The scenario they wanted to handle is not a failing deletion request, but multip...

nso · on Jan 28, 2017

There could be other necessary cleanups in the delete-function that needs to be completed aside from the deletion of the physical file. Other than that I generally agree, but also know never to assume to much about code written by other people.

I guess another way of solving this would be by doing something like putting each file in its own folder on the file system, giving the folder the same name as the original file and renaming the file to something. "file" or whatever. Then you create one symlink per email linking to the file and the email links to that symlink. When deleting the email you delete the symlink. After the deletion of the symlink you could check if there are no more symlinks in the folder, and safely delete folder if none present.

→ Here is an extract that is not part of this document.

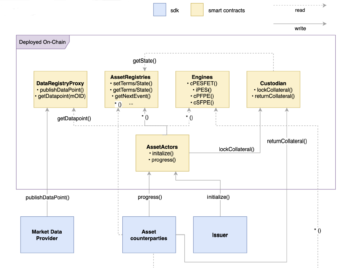 When issuing an asset, a transaction calls the initialize method of the Asset Actor containing the asset terms, ownership information and the address of a Product engine . The exact parameters vary slightly between the contract types. Progressing through the lifecycle of the asset is done via the progress method of the Asset Actor . It retrieves the terms and the current state of the asset from the Asset Registry and uses the Product engines to derive the requirements for the state transition of the asset. For example if a payment is necessary to progress the asset's state, it is executed by the Asset Actor (assuming allowances were set at time of execution). Market Data Providers are whitelisted Ethereum accounts, e.g. decentralized oracles or trusted third parties that can publish data to the Data Registry using the publishDataPoint method. They provide external data points needed for example for rate resets, determining the market value of underlying assets.
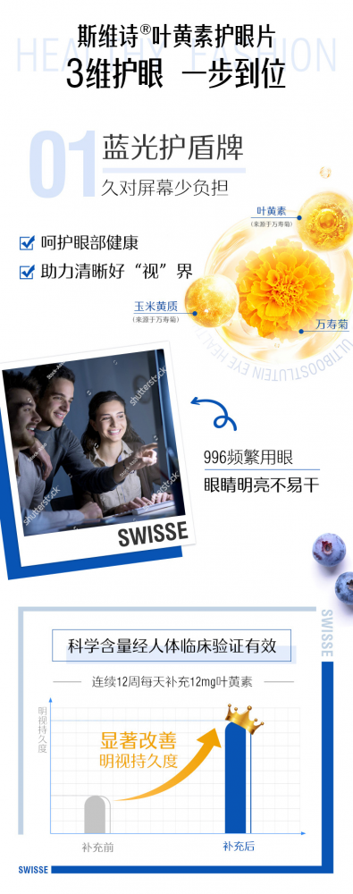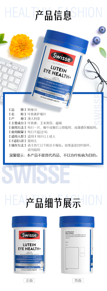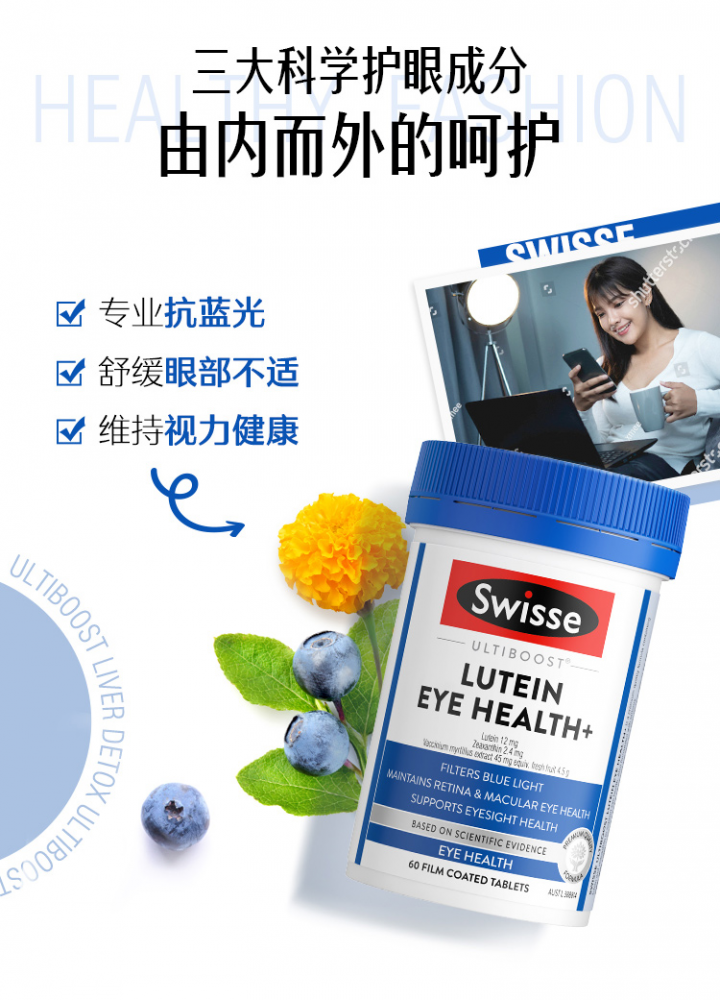 (西安现货/直邮)Swisse明眸小蓝盾护眼片(叶黄素)(买三瓶送飞利浦护眼仪)

On receiving the first email with filehash X:

  mv ./original_unique_name.file ./original_unique_name.file/newfilename
  ln -s ./original_unique_name.file/newfilename ./original_unique_name.file/symlink_for_email_1

On receiving subsequent emails with filehash X:

  ln -s ./original_unique_name.file/newfilename ./original_unique_name.file/symlink_for_email_2
  ln -s ./original_unique_name.file/newfilename ./original_unique_name.file/symlink_for_email_3
  ln -s ./original_unique_name.file/newfilename ./original_unique_name.file/symlink_for_email_4
 ... etc

On delete email Y:

  unlink ./original_unique_name.file/symlink_for_email_$Y
  (pseudo) if no symlinks in ./original_unique_name.file/ { rm -rf ./original_unique_name.file/ }

Thus avoiding the need for a counter as each email is linking to its own symlink.

Will cost a few bytes per email, but seems like they have some to spare!

PSIAlt · on Jan 28, 2017

1. This is nothing to do with distributed storage

2. Symlinks are not required to be linked to existing file

3. Symlinks are not atomic

4. You still need to maintain filedb (or how do you resolve which storage contains given file?)

nso · on Jan 28, 2017

1. Depends on your distributed storage. If you use clustered file system your argument is void.

2. While true I fail to see how that is relevant. What part of my described flow would be broken?

3. While true I again fail to see relevance. Are you just listing characteristics of symlinks? A field in a database could exist with a filepath pointing to a non-existing file as well.

4. Sure. I was describing how to avoid the counter and magic number, not the database.